REQUIRED WORK: The data below is to be written out exactly, with no pictures.

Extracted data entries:
++++++++++
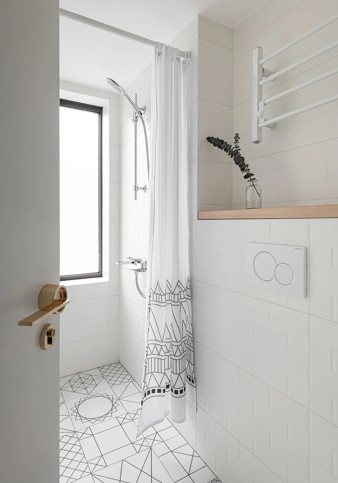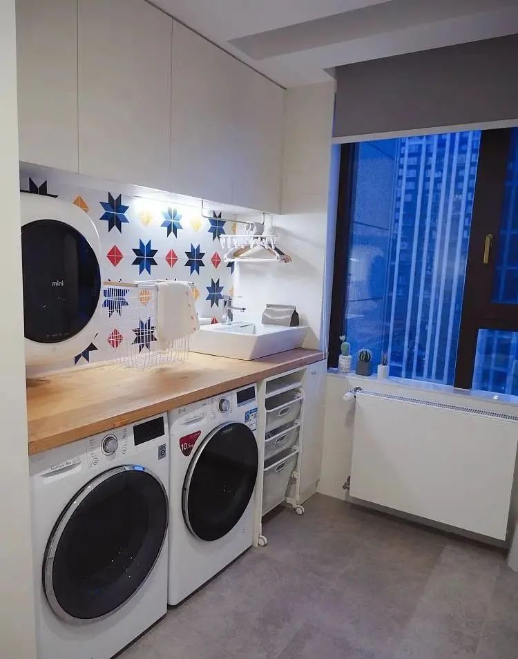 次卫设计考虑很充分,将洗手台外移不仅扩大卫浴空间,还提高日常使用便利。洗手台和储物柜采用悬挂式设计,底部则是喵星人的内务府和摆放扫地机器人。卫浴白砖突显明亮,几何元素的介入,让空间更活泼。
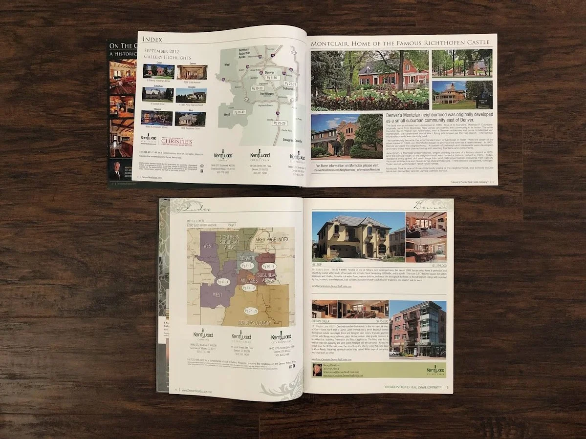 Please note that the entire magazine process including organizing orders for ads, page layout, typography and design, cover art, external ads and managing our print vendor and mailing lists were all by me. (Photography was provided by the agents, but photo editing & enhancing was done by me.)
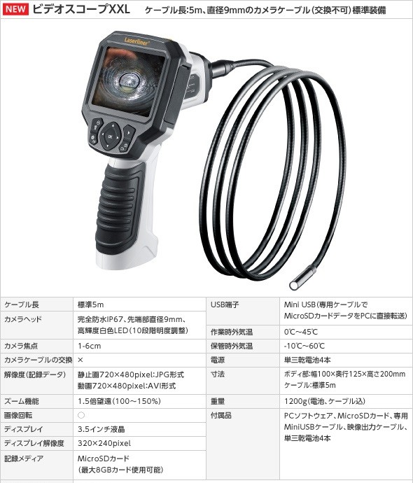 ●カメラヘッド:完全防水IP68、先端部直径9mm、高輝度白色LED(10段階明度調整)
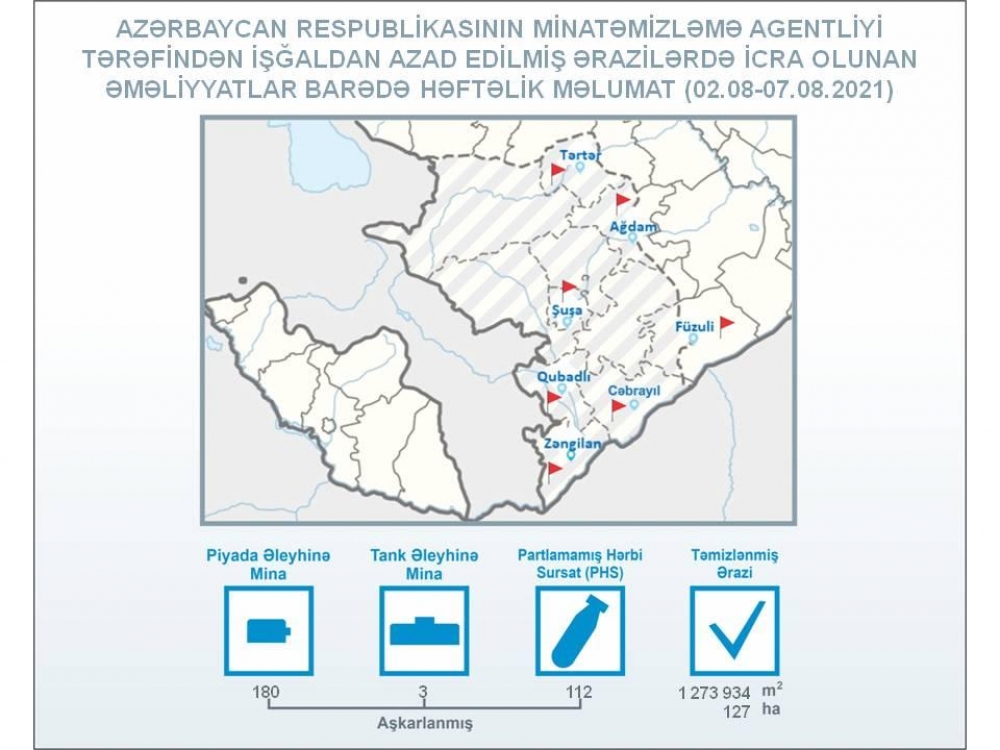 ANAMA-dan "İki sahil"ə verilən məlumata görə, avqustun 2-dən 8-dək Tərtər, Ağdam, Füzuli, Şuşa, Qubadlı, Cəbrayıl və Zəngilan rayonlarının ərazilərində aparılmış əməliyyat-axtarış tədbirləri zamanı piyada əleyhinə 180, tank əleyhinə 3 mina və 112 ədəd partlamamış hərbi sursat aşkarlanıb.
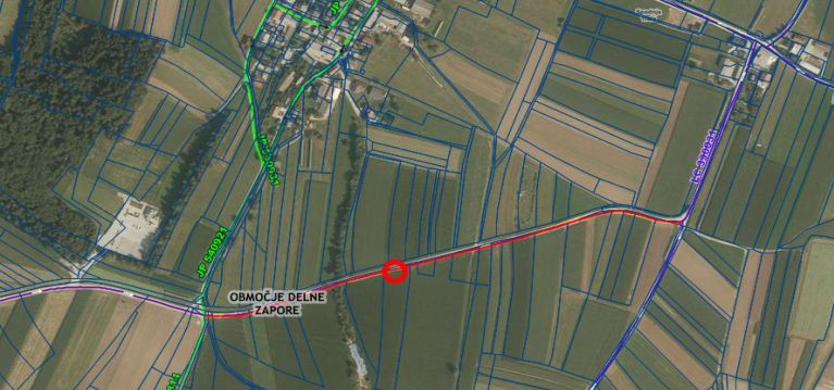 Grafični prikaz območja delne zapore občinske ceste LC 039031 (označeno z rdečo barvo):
++++++++++
RESULT OF THE TASK:
 次卫设计考虑很充分,将洗手台外移不仅扩大卫浴空间,还提高日常使用便利。洗手台和储物柜采用悬挂式设计,底部则是喵星人的内务府和摆放扫地机器人。卫浴白砖突显明亮,几何元素的介入,让空间更活泼。
 Please note that the entire magazine process including organizing orders for ads, page layout, typography and design, cover art, external ads and managing our print vendor and mailing lists were all by me. (Photography was provided by the agents, but photo editing & enhancing was done by me.)
 ●カメラヘッド:完全防水IP68、先端部直径9mm、高輝度白色LED(10段階明度調整)
 ANAMA-dan "İki sahil"ə verilən məlumata görə, avqustun 2-dən 8-dək Tərtər, Ağdam, Füzuli, Şuşa, Qubadlı, Cəbrayıl və Zəngilan rayonlarının ərazilərində aparılmış əməliyyat-axtarış tədbirləri zamanı piyada əleyhinə 180, tank əleyhinə 3 mina və 112 ədəd partlamamış hərbi sursat aşkarlanıb.
 Grafični prikaz območja delne zapore občinske ceste LC 039031 (označeno z rdečo barvo):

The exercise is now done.